UK health authorities had also been asked to trace people who had been to Wuhan in the past 14 days, Mr Hancock said, with 1,460 being sought.
The US state department on Monday raised its travel alert for China due to the outbreak to “Level 3”, which means potential travellers should reconsider their plans and avoid non-essential travel. It held back from raising the alert to “Level 4” which would signal a warning to Americans not to travel to Hubei.
Meanwhile the virus continues to spread around the world. The US has confirmed cases in Washington state, Chicago, California and Arizona, while Australia has reported five cases, South Korea four and Hong Kong five. Taiwan, Thailand, Vietnam, Singapore, Malaysia, Nepal, Cambodia, Sri Lanka and Canada have also reported cases.
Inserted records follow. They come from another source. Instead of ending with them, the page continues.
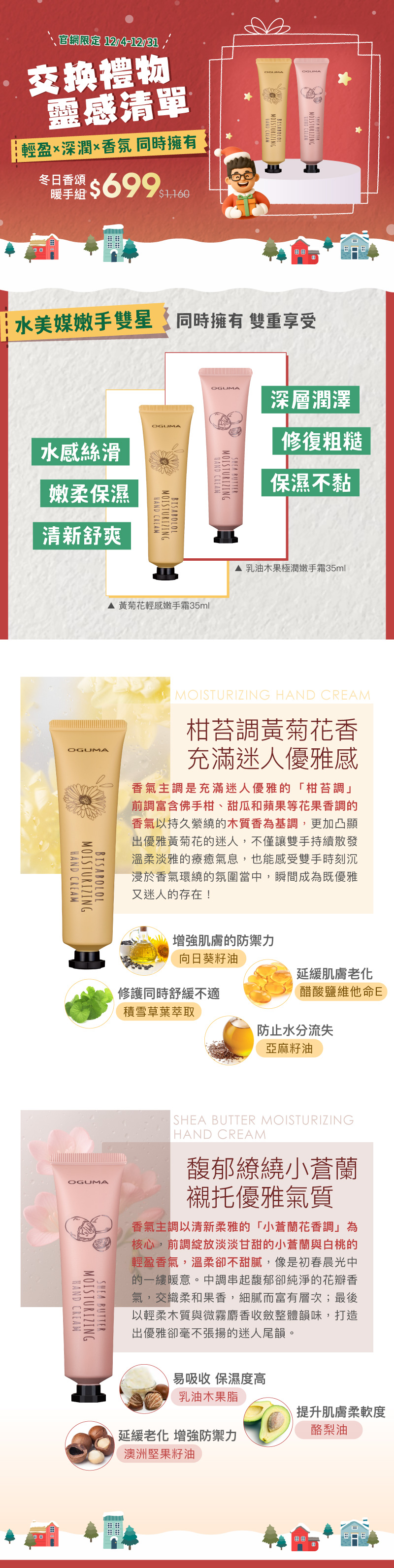 乳油木果極潤嫩手霜:蘊含豐富乳油木果與小蒼蘭花香,如絲緞般滲入肌底,清香優雅雙手柔嫩。
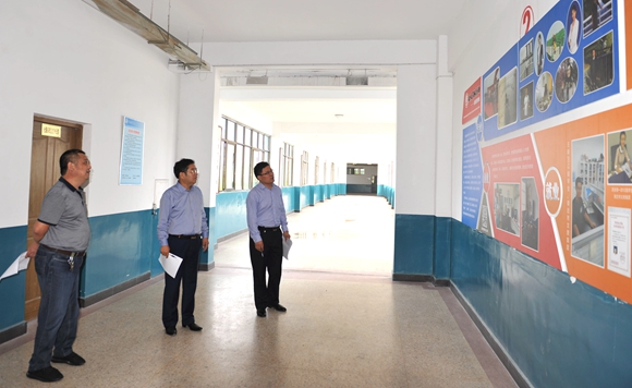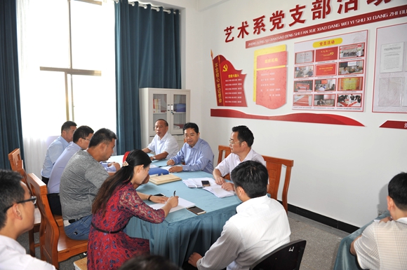 9月22日上午,校党委书记、校长史余强带领副校长陆剑波、纪委书记杨中安、相关部门及各系负责人检查各系文化墙建设情况并现场点评、打分。
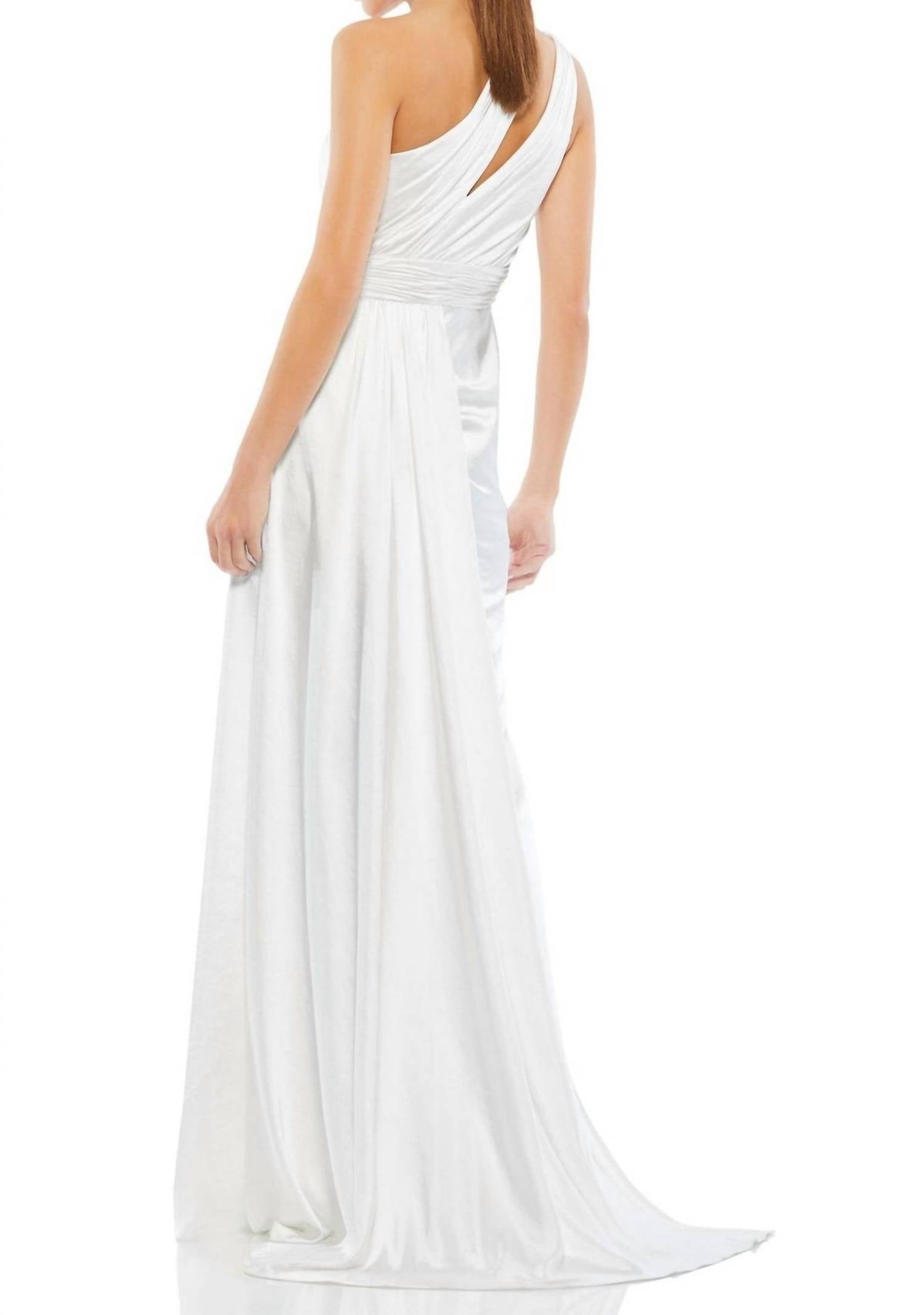 Who doesn't love a good maxi dress? This one you'll be reaching for season after season. Elevate your evening event look with the One Shoulder Cut Out Charmeuse Gown by MAC DUGGAL, a masterpiece of quiet luxury in timeless white. This sleeveless maxi dress, designed for women, showcases an elegant off-the-shoulder neckline and modern cut-out details. Composition: 100% Polyester. Closure: Convenient zip closure. Care: Spot or wipe clean for easy maintenance.
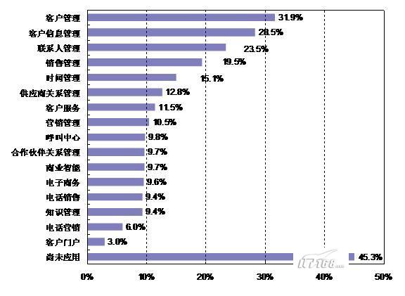 與2006年相比CRM市場(chǎng)前景依然廣闊,企業(yè)應(yīng)用依然集中在客戶(hù)管理,客戶(hù)信息管理,聯(lián)系人管理等主要的應(yīng)用領(lǐng)域,品牌認(rèn)知度上,與2006年的數(shù)據(jù)沒(méi)有太大的變動(dòng)。
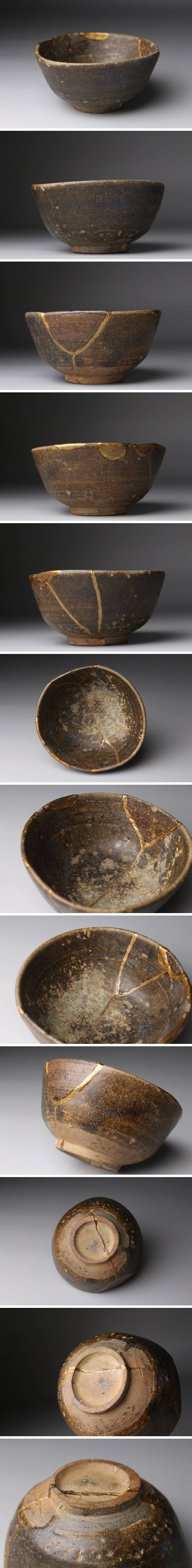 【LIG】古唐津 黒唐津 小服茶碗 金直し 呼継 飴釉 三日月高台 茶道具 九州陶器 古美術品 旧家収蔵品⑩[-P]25.06 收藏
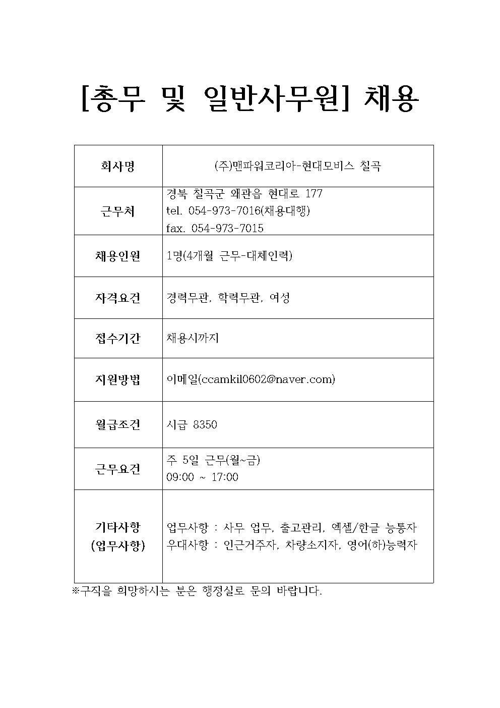 (주)맨파워코리아-현대모비스 칠곡 채용정보
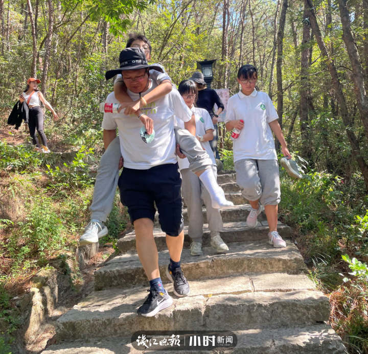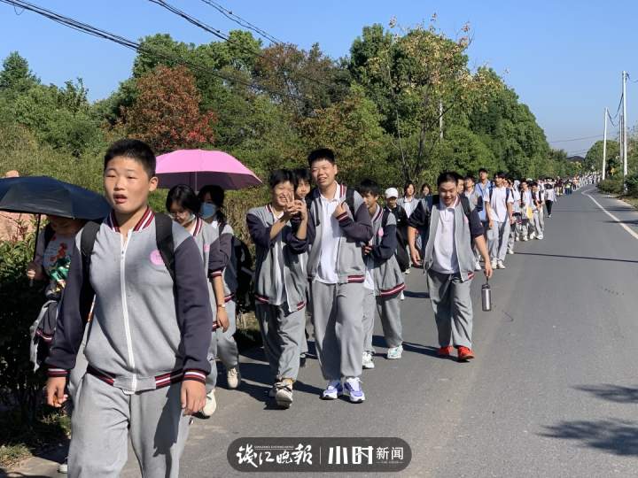 活动最后,刘校长在校门口迎接同学们归来。有同学走过,他都会表扬、鼓励。“我看到有男同学背着七八个书包,边上同学吃不消了,他就拿过背包,自己负重前行。”这次远足,学校特地找人拍摄了视频,给学生们留作纪念,“这是他们成长路上,刻骨铭心的回忆。”
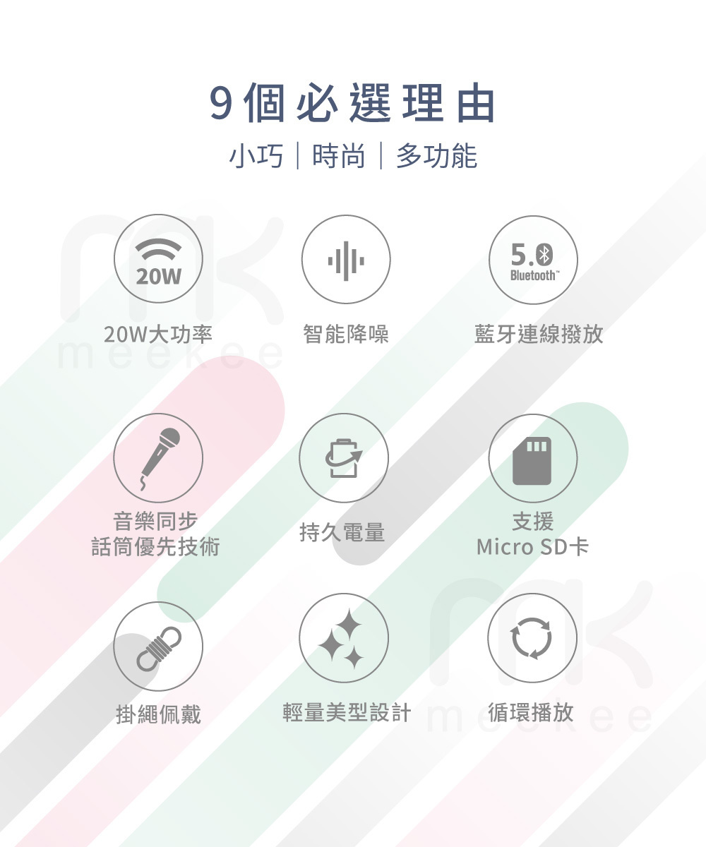 搭載20W大聲量,大空間講話不吃力,自動連接麥克風多台同時使用也不干擾📢
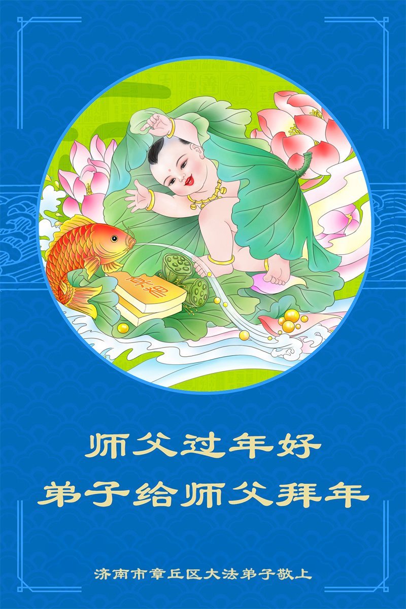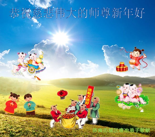 Falun Dafa praktikanti iz grada Jinan s poštovanjem žele Učitelju Li Hongdžiju srećnu kinesku Novu godinu (18 čestitki)
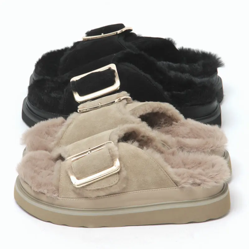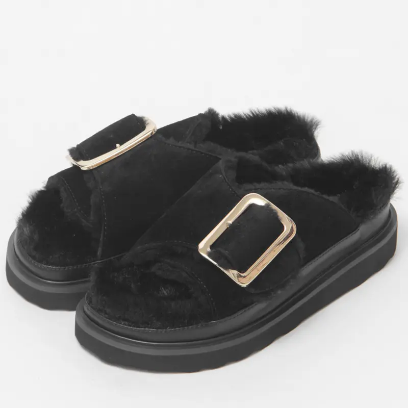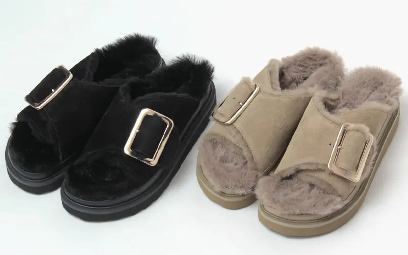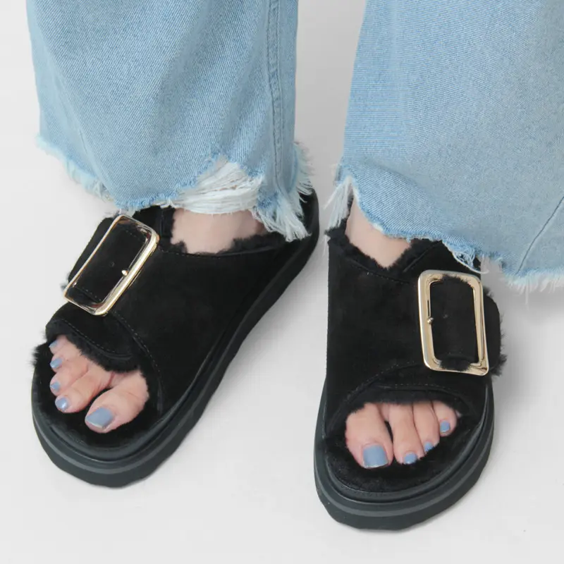 MOHI サンダル モヒ 靴 ファー オープンサンダル ボア スエード 厚底 ふわもこ 冬 本革 バックル レディース 1902466
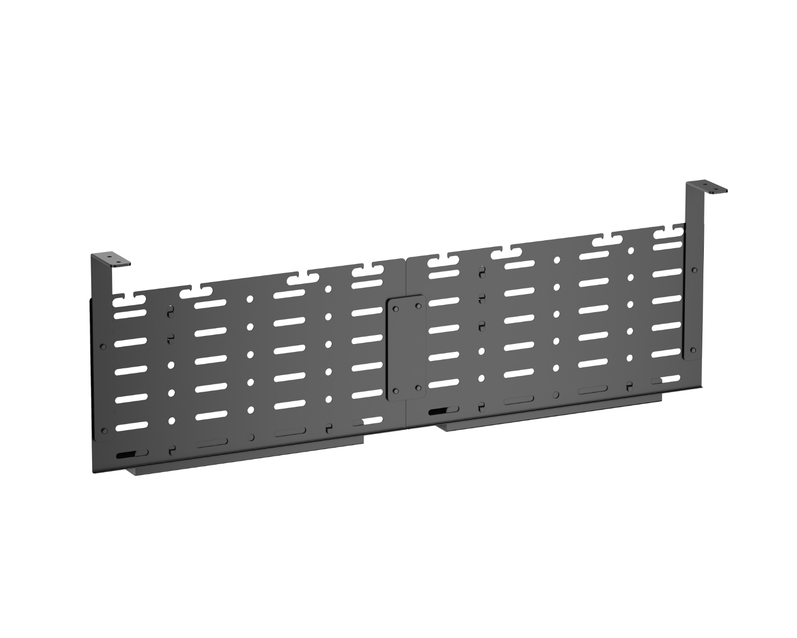 Vertikal kabelkurv til skrivebordet er en kabelhåndteringsløsning fra MaxMount. Den har et enkelt design, der skjuler kabler og strømkabler for at skabe en ren arbejdsplads. Den udvidede bakke kan tilpasses til skriveborde af forskellige størrelser og giver nem adgang til kabler og strømskinner, hvilket letter installation og vedligeholdelse.Materialet i kabelbakken er holdbart og af høj kvalitet, hvilket sikrer langvarig brug. Den er specifikt designet til at kunne klemmen under skrivebordet, så den står stabilt. Den er effektivt udstyret med flere kabelåbninger, som gør, at du kan håndtere kabelbevægelserne og fordele dem korrekt uden rod. De forskellige kabelslots hjælper med at organisere og stabilisere kablerne, hvilket bidrager til et bedre og mere effektivt arbejdsmiljø.
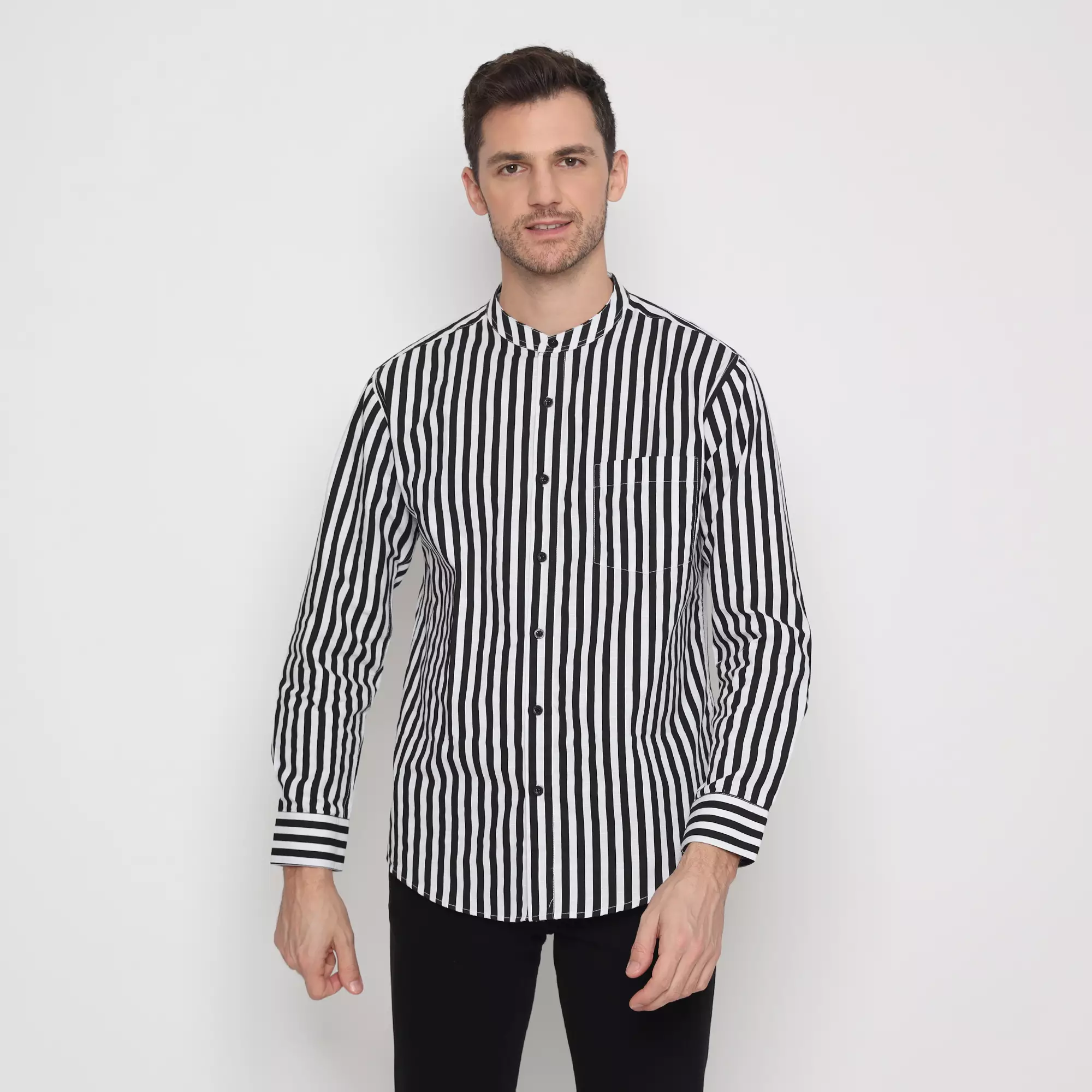 Platini Kemeja Koko Pria Lengan Panjang Katun Hitam Putih 961257
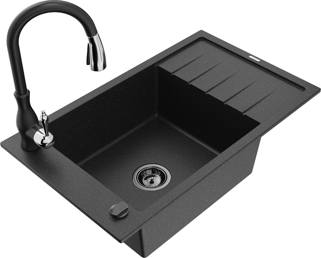 Technické dáta: drez: Rozmer: 795 x 480 x 200 mm Hĺbka komory: 190 mm Rozmery komory: 465x420 mm Priemer odtoku: ø90 mm Typ: 1-miska s krátkym odkvapkávačom Typ: Zapustené do pracovnej dosky Farba: čierna/strieborná metalíza Povrchová úprava sifónu: čierna Materiál: žula (80% žulové kamenivo, 20% živice) Prepadový otvor: Áno Otvory: (batérie, automatické) 2 Inštalácia: Univerzálna, je možné inštalovať s odkvapkávačom na ľavú alebo pravú stranu Vysoká odolnosť proti poškriabaniu a zmene farby Odolnosť proti tepelným šokom Ľahko čistiteľný povrch Jeden dodatočný vyfrézovaný otvor na samodierovanie ø35 kuchynská batéria: Materiál: mosadz Čierna farba Hlava: Keramická Prevzdušňovač: Áno Typ: Jedna páka Výška batérie: 410 mm Rozsah výtoku: 231 mm(GT) Ean: 5905315034953

Underscoring concern among Chinese policymakers over the economic fallout from the outbreak, China’s banking and insurance regulator announced moves to help businesses affected by the crisis.
The China Banking Regulatory Commission said companies would receive support “through measures such as encouraging appropriate lowering of loan interest rates [and] improving arrangements for loan renewal policies”.
Andrew Milligan, head of global strategy at Aberdeen Standard Investments, said: “Even on the assumption that the authorities do get on top of this outbreak, there will be some short-term economic shock.” But he added: “That is a long way from saying the outlook for global markets will be materially different. It’s still early days.”
The coronavirus outbreak comes as China’s economy is already growing at its lowest rate in almost 30 years. In 2019, the economy grew just 6.1 per cent. As the US-China trade war has hit exports, consumption — which is now threatened by the outbreak — has become a far more important source of growth.
“Everything depends on how rapidly it spreads and how serious it gets, but in principle this could have a serious impact on consumption,” said Michael Pettis, a finance professor at Peking University and senior fellow at the Carnegie-Tsinghua Center. “People are not going out to restaurants and bars.”
In the UK, British Airways owner IAG’s share price dropped sharply along with other airlines. British fashion label Burberry, which is heavily exposed to the Chinese market, was one of the biggest luxury victims, closing down 4.8 per cent. Japan’s Topix, one of the only major regional stock indices trading on Monday, fell 1.6 per cent.
Investors piled into haven assets, with gold rising 0.75 per cent to $1,583 per troy ounce. The benchmark 10-year US Treasury yield, which moves in the opposite direction to prices, fell 8 basis points to 1.6 per cent, its lowest level since October.